The solution was trivial: use a QMap<int,QString> rather than
QMap<QString,QVariant>, using the part number as the key. There was
absolutely no need in this code to generalize by using QVariant - it was
used solely to store int values. This rearrangement had the added
advantage of avoiding the slow sort step, because QMap already allows
fast extraction of values in key order.

The only explanation I could find for this peculiar design was a short
comment: "I'd prefer using QMap<int,QString>, which would be faster -
but then it wouldn't be a QVariantMap". The string "QVariantMap" occurs
nowhere else anywhere in the relevant code base, and there's nothing
about it at <https://doc.qt.io/>. I have no idea what he was thinking
about when he wrote that comment. Any suggestions?

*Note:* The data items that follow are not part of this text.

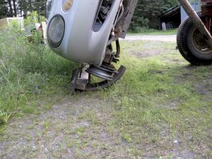 A third problem involved lifting the car. Instead of hoisting it from a wheel on the soon to be "high" side, he now removes the former lift wheel and bolts a steel bar to the under-frame. Using a bar slightly longer than the underside of the car is wide gives him a lift point that is safely removed from the car body. Finally, he puts two posts under the car to hold it in place.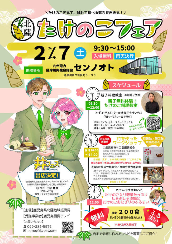 | イベント名 | 親子で無料体験!たけのこ料理教室 in センノオト 筍のキーマカレー&サラダを作ろう! ~ 鹿児島県産たけのこを楽しく学ぶ!親子料理教室 ~ |
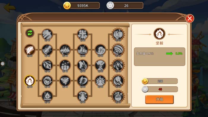 在科技树里,玩家可以选择基础的属性来升级,攻击、暴击、生命、格挡、防御等都可以提升,为全体英雄增加基础属性;还可以根据自己想要重点培养的英雄,选择不同的职业进行升级,例如增加战士生命值、增加法师攻击、增加刺客速度等,有针对性的提升你的战力!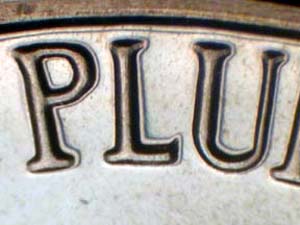 Description: Light spread on E PLURIBUS UNUM and MO of MONTICELLO with light
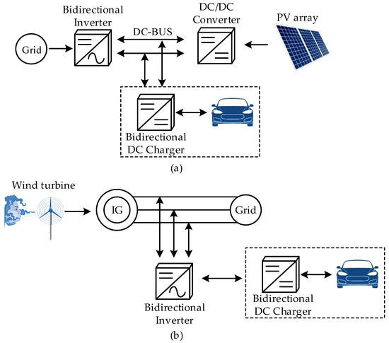 (a) EV charging system with PV array and grid, and (b) WTG-EV battery charging system. Adapted from [19,20].

At a higher level in the same code, all of the messages currently being
received are stored in a QMap<QString, QVariant>, where the key is the
message ID, and value is the QMap containing the corresponding part map.
That code does something that also strikes me as inefficient and
strange, but at least it's not actually buggy:

It first searches for the messageID in the message map. If it is not
found, it creates a new part map, inserts the current part into that
map, and then inserts that part map into the message map. That code
makes sense to me.
However, if it does find the messageID in the message map, it copies the
corresponding part map into a local variable, inserts the new part into
that map, and then copies the part map back into the message map,
replacing the old part map for that same message ID. I find this quite
strange: it wastes time and memory creating a copy of the part map, it
wastes time destroying the old part map when the new part map is copied
in it's place, and finally wastes time when the new part map gets destroyed.
It seems more sensible to me to insert the new part directly into the
part map while it is stored inside the message map. In principle, a
compiler might optimize the actual code accordingly, but I wouldn't
recommend relying on that. Can anyone suggest any good reason why
someone might use the more elaborate approach that was actually chosen?

Note that the code does not do anything else with either the message map
or the local copy of the part map. While the code as a whole is
multi-threaded, everything I described happens within a single thread.
The code contains none of the protections it would have to have if the
message map were shared between threads.

Jens Kallup

unread,
Aug 28, 2019, 10:22:41 AM8/28/19
to
Hello,

QMap, and other template class "extend" the
corespond stdC++ std::map<k,v> class.

So with QMap<QString,int> int_map, can store
data by "key" as QString (std::string) with value
"int":

-> int_map["foo"] = 4;
-> int_map["bar"] = 2;

under stdC++, you can use "emplace".

If you look deeper to Qt, Qt give you more compact
coding.
The fact, that QString based from std::string ,
you can convert std::string to QString to std::string,
there are members like:

QString s1;
std::string s2 = s1.toStdString();
char buffer[] = s2.c_str();

in Qt, you have cheaper worries about converting the
text encoding (ASCII -> UTF-8 <- ASCII)

If you would like transmit some data aka Client/Server
software, you should look to the RFC's descripted
internet protocolls.

So you can define your own "static" data Header like:

ID | 4 Bytes (as int)
CMD | 4 Bytes (as char[4] for "send", or "quit"...
BODY <n> | n Bytes, where n is the number of bytes that
| comes after sending the header.

It is easy to create a QtSocket stream, to send data.
And Qt comes with a SSL layer, so you don't have to code
abstrakt layer with the original ssl .so/.dll.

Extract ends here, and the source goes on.